At a meeting in October 2020, JF Zengyoren chairman Hiroshi Kishi warned that if the contaminated water was released into the sea “all the efforts of fishing industry workers to date would come to nothing”.

“It would be a setback and let down for those in the fishing industry and could have a devastating impact into the future,” he added. “Not releasing it into the sea is simply the best approach.”


Impact on the Fukushima community and human rights

Kazue Suzuki, a climate and energy campaigner at Greenpeace Japan said the Japanese government has “once again failed the people of Fukushima”.

“The government has taken the wholly unjustified decision to deliberately contaminate the Pacific Ocean with radioactive wastes,” he added. “It has discounted the radiation risks and turned its back on the clear evidence that sufficient storage capacity is available on the nuclear site as well as in surrounding districts.”

Suzuki said that instead of using the best available technology to minimise radiation hazards by storing and processing the water over the long term, the government has “opted for the cheapest option”.

“The Cabinet’s decision failed to protect the environment and neglected the large-scale opposition and concerns of the local Fukushima residents, as well as the neighbouring citizens around Japan,” he added. “Greenpeace stands with the people of Fukushima, including fishing communities, in their efforts to stop these plans.”

Independent experts from the UN’s Office of the High Commissioner for Human Rights (UN Human Rights) have said the contaminated water at the nuclear plant poses “major environmental and human rights risks” and that any decision to discharge it into the Pacific Ocean “cannot be an acceptable solution”.

The group said discharging contaminated water into the sea would be a “failure to uphold human rights”, including the human rights of children by “exposing them to further risks inside and outside Japan”.

“We recall that Japan has a continuing duty to prevent safety risks and exposure, especially the exposure of children and other vulnerable groups to radiation,” added the UN experts.

“Children are more sensitive to radiation and are at higher risk of radiation-related cancers of certain tissues.
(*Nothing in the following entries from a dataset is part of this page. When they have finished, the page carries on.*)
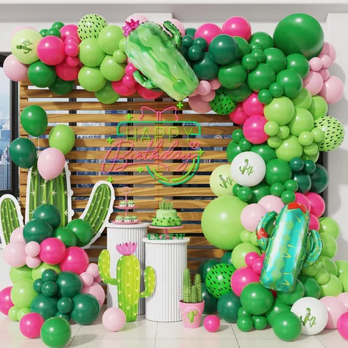 El paquete incluye: 30 globos de color verde oscuro, 31 globos verdes, 31 globos verdes frutales, 20 globos rosas, 20 globos rosa intenso, 8 globos de látex de cactus, 2 globos de papel de aluminio de cactus, 1 cinta de tira de arco de globos, 1 rollo de pegamento de 100 puntos. Material prémium: nuestros globos de fiesta de cumpleaños de cactus están hechos de látex natural, no tóxico. Todos los materiales son de alta calidad y buena seguridad. Ten cuidado de no inflar demasiado los globos, o se reventarán y estallarán fácilmente. Amplias aplicaciones: el kit de arco de globos de cactus es perfecto para fiestas temáticas de cactus, fiestas mexicanas, fiestas hawaianas, fiestas en el desierto, fiesta de cumpleaños de llama, fiesta de verano, fiesta de Cinco de Mayo, fiesta de taco, fiesta de carnaval y varias fiestas festivas. Es ideal para organizar una gran fiesta de cactus y maravillosos accesorios de fondo para sesiones de fotos en interiores o exteriores. Fácil de montar: puedes hacer cualquier estilo que te guste. Ofrecemos las herramientas que pueden ayudarlo a hacer arcos de globos más fácilmente. Inserta el nudo de globo en el agujero de la tira de cadena de globos. Luego utiliza el pegamento de puntos para fijar los globos en su lugar. Será una manualidad divertida para hacerlo tú mismo con tu familia. Solo disfrútalo. GARANTÍA DE SATISFACCIÓN: Si no está satisfecho con nuestros productos, simplemente díganos y le reembolsaremos incondicionalmente en su totalidad. Te recomendamos que puedas comprar dos o más para hacer una mejor guirnalda.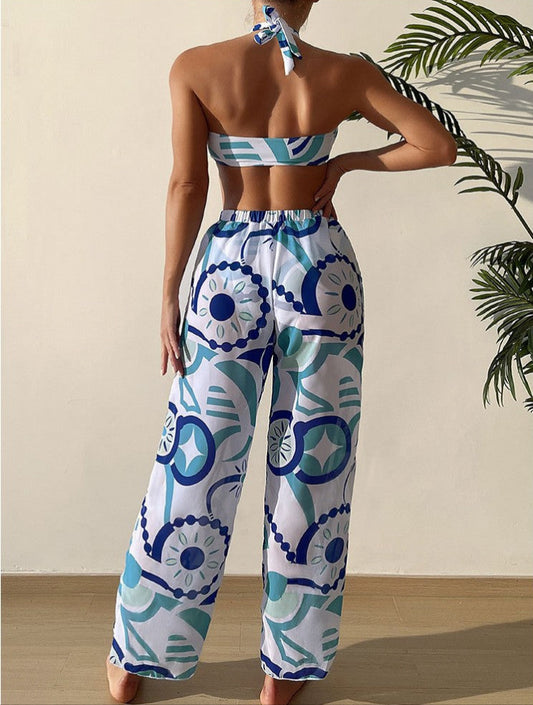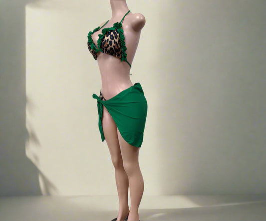 Printed Lace-Up Bikinis Skirt 3 Piece Sets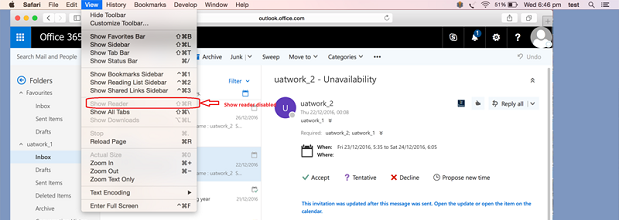 3. With Reader Mode in Safari Browser on Mac, We are not sure as it depends on Apple, Microsoft to allow Outlook Add-ins to be accessed. Check URL & image below
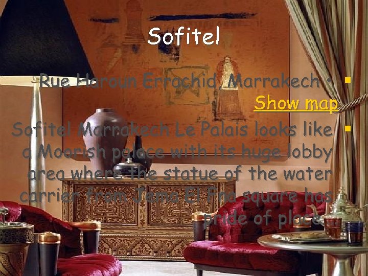 Sofitel Rue Haroun Errachid, Marrakech • § Show map Sofitel Marrakech Le Palais looks like § a Moorish palace with its huge lobby area where the statue of the water carrier from Jema El Fna square has pride of place. …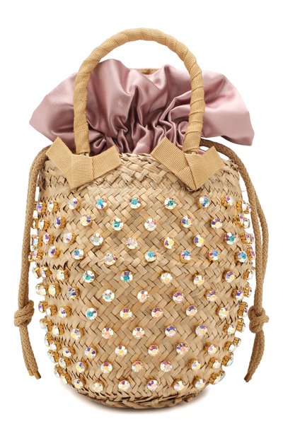 Мастера марки вручную сплели небольшую сумку Nina из тонкой неокрашенной соломы. Внутреннюю вставку выполнили из шелковистого текстиля лилового оттенка, в короткие ручки обтянули однотонной лентой гросгрейн. Задать правильное настроение аксессуару из весенне-летней коллекции помогла отделка мерцающими кристаллами. В комплекте — съемный плечевой ремень.
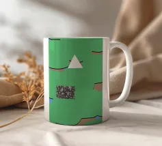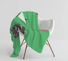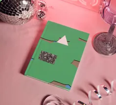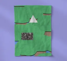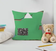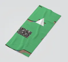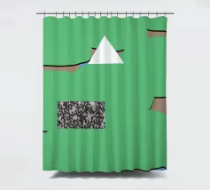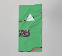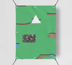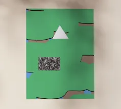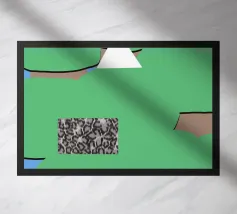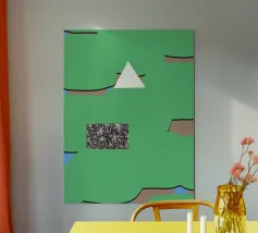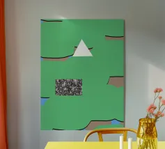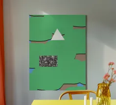 Una serie di forme astratte riempie lo spazio con segmenti verdi delimitati da linee nere, intersecati da un triangolo bianco. Un rettangolo monocromatico a motivi contrasta con lo sfondo colorato.

They are also more likely to experience higher external and internal radiation exposure levels than adults.”

The experts have called upon Japanese authorities to intensify their efforts at preventing risks, protecting the affected population, including children from adverse effects of radiation exposure, in accordance with their international human rights obligations.


Fierce response from neighbouring countries

While the US state department released a statement saying Japan has been “transparent” about its decision, and “appears to have adopted an approach in accordance with globally accepted nuclear safety standards”, the decision has not gone down as well with neighbouring nations China and South Korea.

Zhao Lijian, a spokesman for China’s foreign ministry, said the country “expresses grave concern” over the plans to release the contaminated water into the sea.

“The wastewater from Fukushima after the highest-level nuclear accident is entirely different from the wastewater from normal operations of nuclear power plants,” he added.

Lijian warned that the radioactive materials from the site could “spread to most of the Pacific Ocean within 57 days from the date of discharge, and reach all oceans in a decade”.

“The level of radioactive isotope carbon-14 in the wastewater will remain hazardous for thousands of years and may cause genetic damage,” he added.

“Japan should respond with honesty to views from authoritative institutions and experts. Still, less should it disregard global public interests and simply dump contaminated water from Fukushima into the sea and be done with it.”